------ Exercise inputs
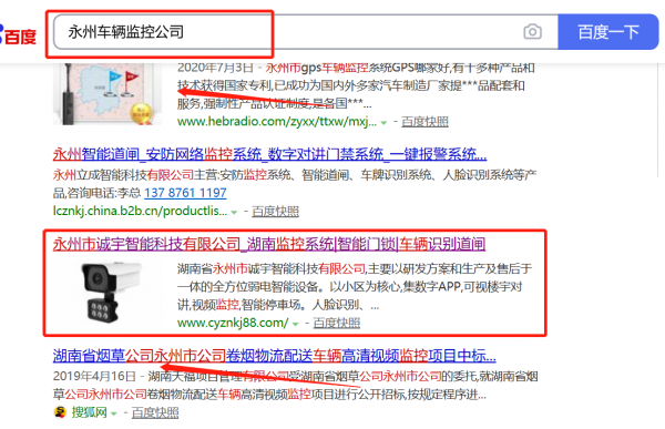 永州市*宇智能科技有限公司選用我司企業車輛監控的網站優化產品,其SEO關鍵詞有車輛監控。一對一定制服務,產品經理在線支持,無憂售后,適用于各個企業,提供一站式網絡營銷服務。百度搜索引擎優化,提升品牌關鍵詞的正面內容信息展現,體現良好的口碑宣傳。永州市*宇智能科技有限公司成立于2018年,是經永州市市場監督管理局審核的有資質的公司,其統一社會信用代碼:91431100MA4**JYP4W。公司地址:湖南省永州市道縣小康二路1號。
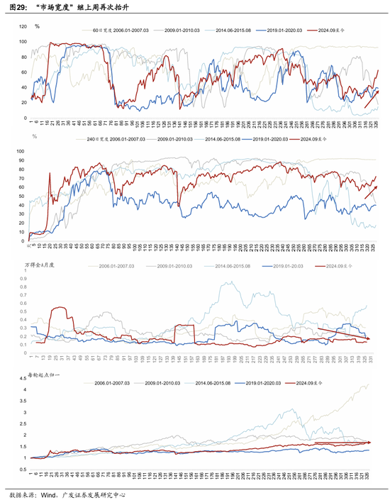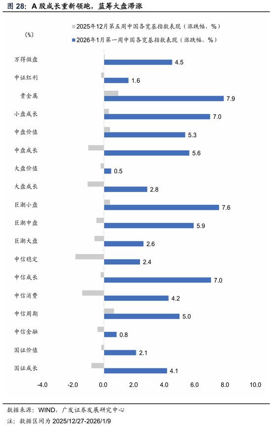 观察市场的广谱性。在“价”上,“市场宽度”大幅上升,万得全A指数成分股中各成分股超越股票自身240日均线的占比升至72.08%左右(上周为61.92%);超60日、20日均线占比升至82%、63%(上周为51%、39%)。在“量”上,市场集中度有所回落,A股成交额前5%的个股成交额占全部A股比重降至41.94%(上周为44.85%),降至到66.7%历史分位(上周为85.5%分位)。但由于市场上涨依赖于风偏情绪强劲,股市走强的同时,波动率明显回升,股债波动差仍维持高位。万得全A滚动1月的实际波动率(HV)升至13.3%(上周为11.7%)。股债年化波动率比值自上周的12.9倍抬升至13.1倍。全A估值偏离度上移,截至1月9日,万得全A市盈率收于23.22倍; “万得全A P/E-名义GDP增速”处于滚动五年的+1.97倍标准差(前两周稳定在+1.67倍、+1.68倍)。若名义增速未来升至5.0%,当前全A估值对应偏离度回归至+1.76倍标准差。历史+2倍标准差为估值约束的极致位。
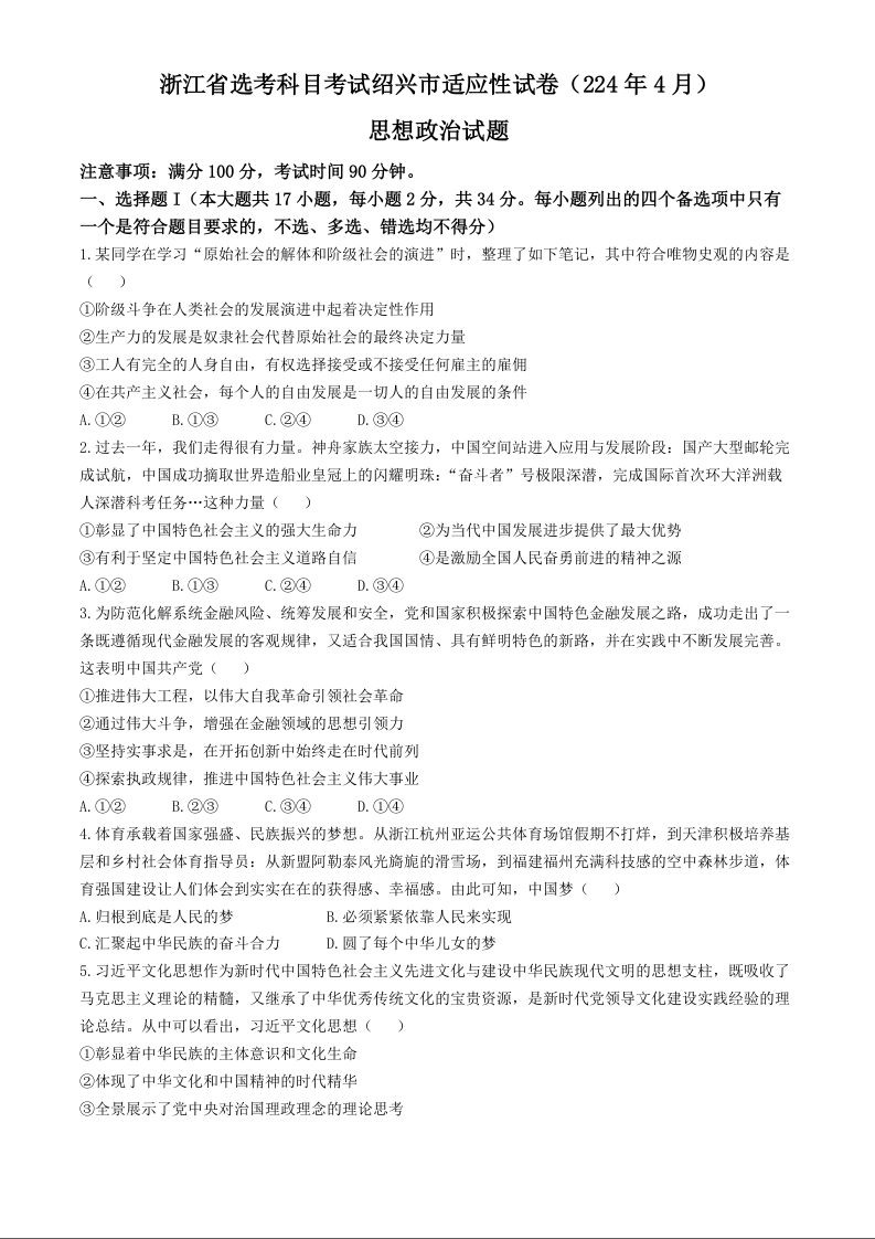 2024届浙江省绍兴市高三高考4月适应性考试(二模)政治
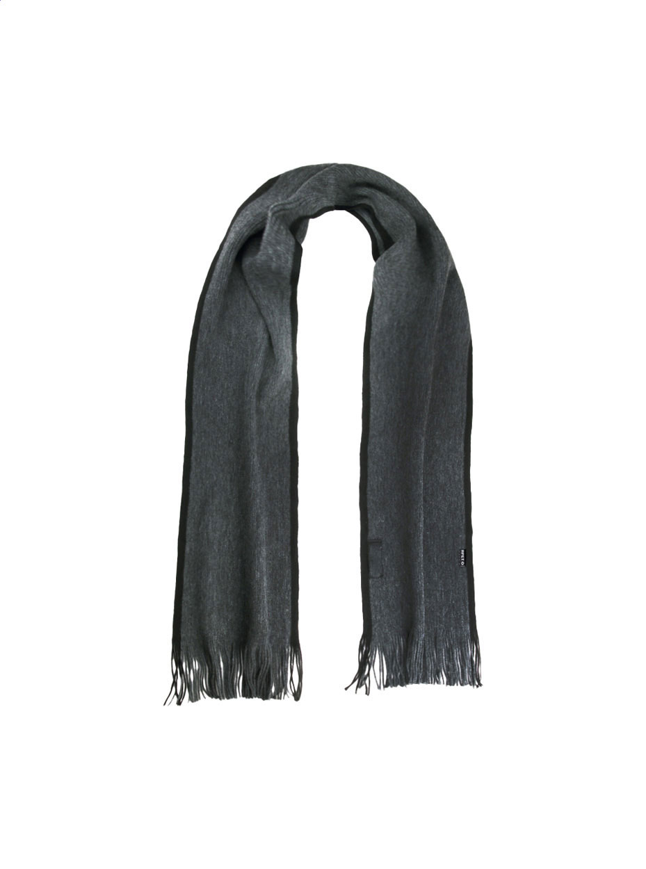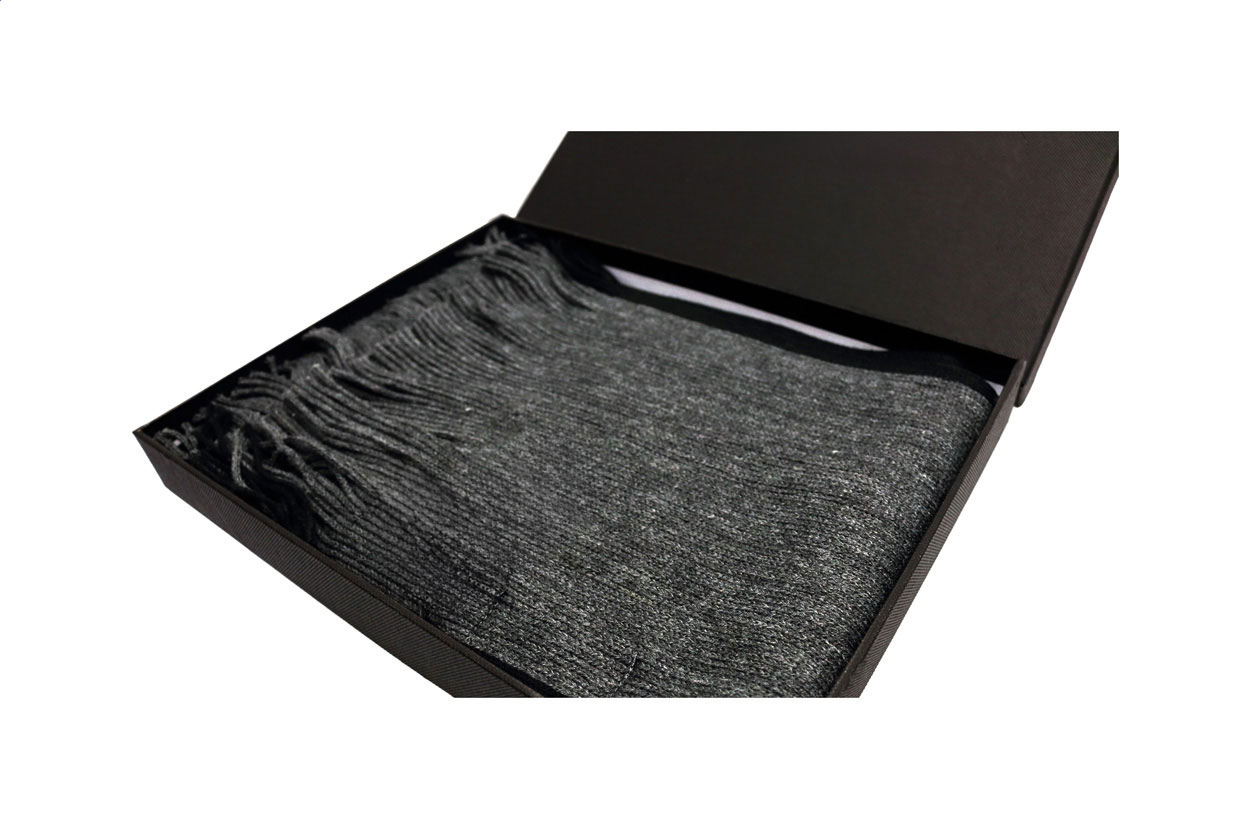 Eleganter Schal aus RPET Polyester mit RPET-Label, einzeln in schwarzer Geschenkbox.
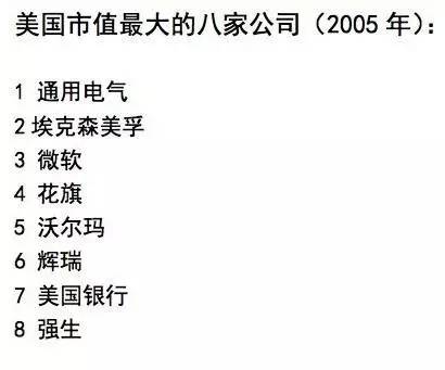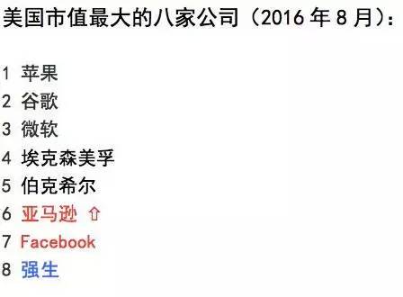 金融股经历了金融危机,似乎伤重难愈,翻不了身。花旗与美国银行退出排行榜。医药消费的杰出代表:强生与辉瑞,排名仍然在前二十名,我们人类永久依赖医药。通用电气是工业股的代表,经历了杰克韦尔奇的黄金时代。通用电气已经剥离了金融,方方面面出现了放缓,公司将再次聚焦主业并转型发展。沃尔玛的衰落,则是因为一个公司崛起:亚马逊。
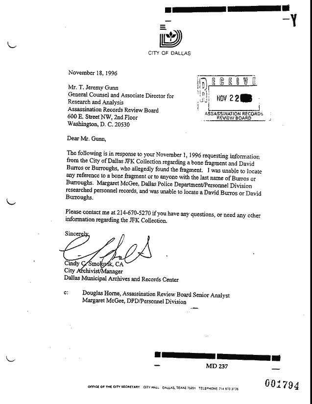 | MD 237 - Letter to ARRB from Dallas Municipal Archives, Dated November 18, 1996, Re: Weitzman/Burros Bone Fragment (With Initiating ARRB Correspondence Attached) |
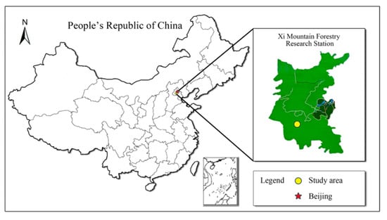 The study location is in a typical temperate forest in the Xi Mountain Forestry Research Station of Beijing Forestry University (39°54′ N, 116°28′ E; 133 m a.s.l.) near Beijing (Figure 1). The study site is in a temperate monsoon humid climate region. The annual mean temperature and annual precipitation at the station are approximately 12.5 °C and 628.9 mm, respectively. The soil type is classified as Chromic Luvisols with a soil thickness of approximately 40 cm. The O horizon is less than 3 cm, and the A horizon is about 3–5 cm. The study was conducted in plantations where Quercus liaotungensis is the dominant tree species with a density of 2963 trees ha−1. The age of the plantation is 62 years and it has not experienced any disturbance. Very few shrubs and herbs occurred in the experimental site. Soil samples (0–5 cm deep) at the study site were collected to measure the physicochemical properties at the beginning of the experiment as the background data. The initial tree height and diameter at breast height (DBH) of the sample trees in each plot were recorded. The initial conditions of the plots under different treatments were not statistically significant (Table 1).
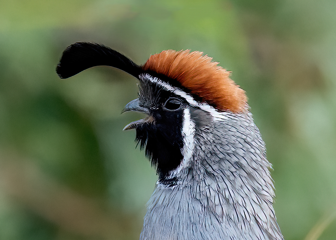 Quail portrait: Gambel's Quail are gregarious birds of the desert Southwest, where coveys gather along brushy washes and cactus-studded arroyos to feed. Gorgeous colors and so fun to watch.
------------
Copy nothing but the lines above that run from the one with "Eleganter Schal aus" to the one with "Correspondence Attached) |", ends included; pictures stay out.

Reply>
 Eleganter Schal aus RPET Polyester mit RPET-Label, einzeln in schwarzer Geschenkbox.
 金融股经历了金融危机,似乎伤重难愈,翻不了身。花旗与美国银行退出排行榜。医药消费的杰出代表:强生与辉瑞,排名仍然在前二十名,我们人类永久依赖医药。通用电气是工业股的代表,经历了杰克韦尔奇的黄金时代。通用电气已经剥离了金融,方方面面出现了放缓,公司将再次聚焦主业并转型发展。沃尔玛的衰落,则是因为一个公司崛起:亚马逊。
 | MD 237 - Letter to ARRB from Dallas Municipal Archives, Dated November 18, 1996, Re: Weitzman/Burros Bone Fragment (With Initiating ARRB Correspondence Attached) |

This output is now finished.